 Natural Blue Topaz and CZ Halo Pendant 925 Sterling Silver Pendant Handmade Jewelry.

---

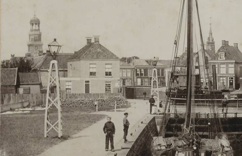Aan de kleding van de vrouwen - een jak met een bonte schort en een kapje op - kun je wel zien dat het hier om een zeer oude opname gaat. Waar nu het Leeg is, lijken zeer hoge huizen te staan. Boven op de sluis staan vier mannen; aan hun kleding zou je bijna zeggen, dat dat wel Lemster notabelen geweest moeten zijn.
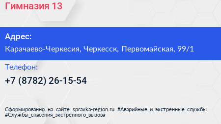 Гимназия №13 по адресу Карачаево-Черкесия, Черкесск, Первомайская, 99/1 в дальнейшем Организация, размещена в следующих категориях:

---

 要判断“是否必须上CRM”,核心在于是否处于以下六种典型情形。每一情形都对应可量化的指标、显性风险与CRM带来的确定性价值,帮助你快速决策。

---

■ **WHAT THE TASK ASKS**
In the listing above, find the line with "Aan de kleding" and the line with "Гимназия №13 по". Copy exactly those lines and all between them, minus the images.

■ **RESULT FOR THIS TASK**
Aan de kleding van de vrouwen - een jak met een bonte schort en een kapje op - kun je wel zien dat het hier om een zeer oude opname gaat. Waar nu het Leeg is, lijken zeer hoge huizen te staan. Boven op de sluis staan vier mannen; aan hun kleding zou je bijna zeggen, dat dat wel Lemster notabelen geweest moeten zijn.
 Гимназия №13 по адресу Карачаево-Черкесия, Черкесск, Первомайская, 99/1 в дальнейшем Организация, размещена в следующих категориях:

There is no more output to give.